An international organisation has been developed, namely Global Energy Interconnection Development and Cooperation Organisation (GEIDCO), with significant funding from China. The mission is to promote the establishment of the GEI-cross border and resolve the global conflicts to make the planet a sustainable one. The call for more ‘renewable energy’ has already attracted the Southeast Asian neighbourhood and those looking for reliable and cheap power supply.
The generation of energy in this plan includes ocean-wave, solar, hydro and wind, and there has been a preparation-ongoing-process related to economic (feasibility) viability of transmission. The flow of finance associated with energy supply is typically considered to be equitable to ensure that the supply of energy is not ‘corporatised’ under this GEI-cross border arrangements.
Conflict and foreign policies are the main factors that may significantly impact the economic viability of GEI-cross border networking. This is the case in which Pakistan may reconsider its relationships with the ‘Global Economic-nergy Giants’; India is among them. In the given scenario, the energy policy has already been connected, inter alia, with security policy which is also referred to as ‘Energy-Security Policy’.
Pakistan may also think about resetting its ‘integrated policy mechanism’ for such an agenda. The levelised costs of power generation Pakistan already faces are the lifetime cost of ‘renewables’, the approach could be developed by the policymakers to indicate the relative merits of identifying the subsidising methods of clean developing technologies. Consideration of risk and return is vital in the energy-security appraisal; the discount method could be applied technically to encapsulate double-jeopardy in a non-specific way.
The assessment also entails that the existing environmental-and-climate policy at various levels is not integrated with the energy policy. As after the 18th amendment, such policies are inter-provincial and inter-ministerial, there has been levelled serious apprehensions regarding policy sustainability at various sectors. The policy integration among security, energy, climate and environment is a possible feature, and Pakistan’s policymakers shall think that the global atmosphere is shaping in the form of a ‘just and equitable’ social system. This is about taking serious steps towards a policy for ‘good governance’ in each sector, i.e., ‘interconnectivity in governance’ besides transparency, accountability and the rule of law. Technical and strategic thinking for energy security is a possible way to serve the public at large at each governing level in Pakistan.

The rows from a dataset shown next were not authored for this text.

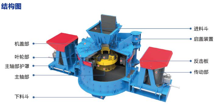 4、为了保证设备的整体性能,PLK系列立轴冲击破碎机对关键部件例如叶轮、轴承筒、主机体等进行结构优化设计,确保该破碎设备在破碎作业时高产、高效、低成本。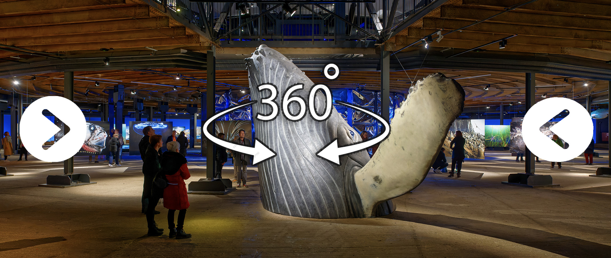 Der neue 360-Grad-Rundgang durch die Ausstellung „Planet Ozean“ zeigt einen Überblick über die vergangene Gasometer-Ausstellung und geht bei einer Auswahl von Exponaten auch ins Detail.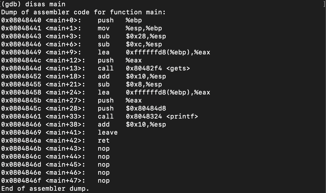 Main함수의 구조를 살펴보니 44바이트를 채우고 shell 코드의 주소를 넣으면 될 것 같다.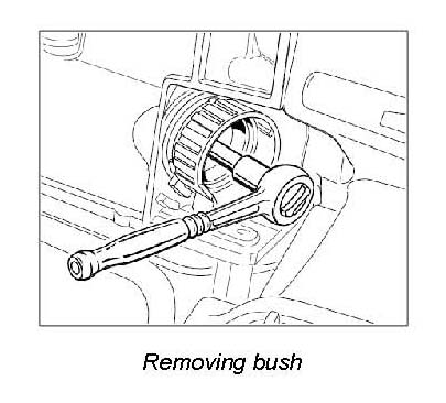 10. Unscrew guide bush fastening screw with assembly aid 9663 and pull out bush.
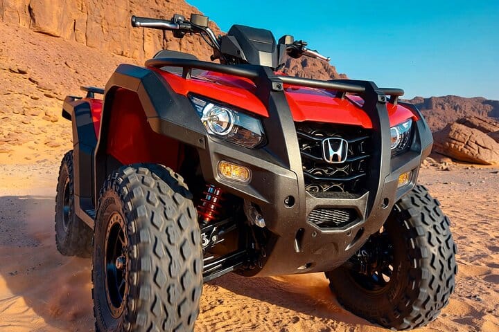 Explore the Magic of Red Sea Desert by Quad bike tour from Sharm El Sheikh. Relax, drink Bedouin tea, and experience the Bedouin lifestyle before heading back through the sand dunes to the starting point.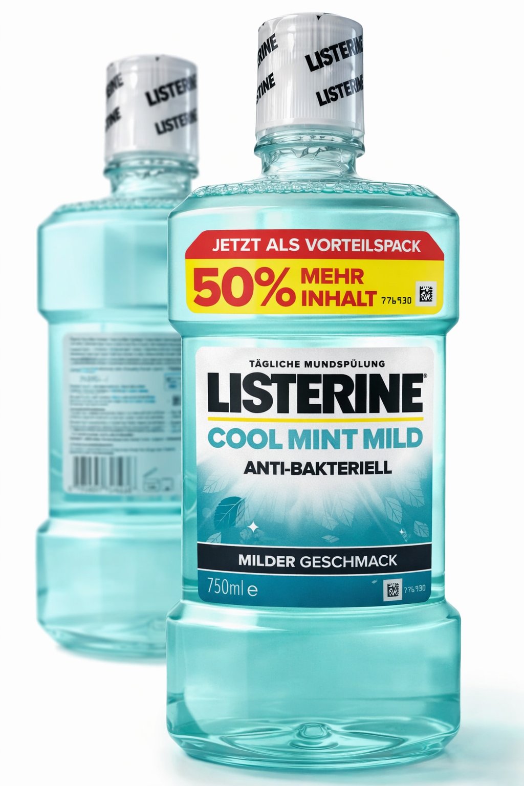 Ústní voda Listerine Cool Mint Mild je ideální doplněk každodenní dentální hygieny pro svěží dech, čisté zuby a zdravé dásně. 🦷🌿

Historically, policymakers and developers have focused on the cost to manufacture the preferred concept of power structures. Fabrication and manufacture with an unsustainable pattern have led to unscrupulous and unprincipled practices. Decommissioning such practices require equitable utilisation of resources, and energy security, in this case, may serve as a point of transmission. The policy could be chained as Pakistan’s Powerplay in China’s GEI with emerging and innovative leadership through a new plan and mechanism at the national level.
In order to remove complexity in mooring line ‘policy’, additional thinking and loading intelligence is required at local levels. As the local body system is already incapable of delivery, the policymakers shall think about how ‘energy’ can be linked from local to international levels. In this case, China’s local to global policy implementation mechanism is an excellent example of a practice setting in international governance.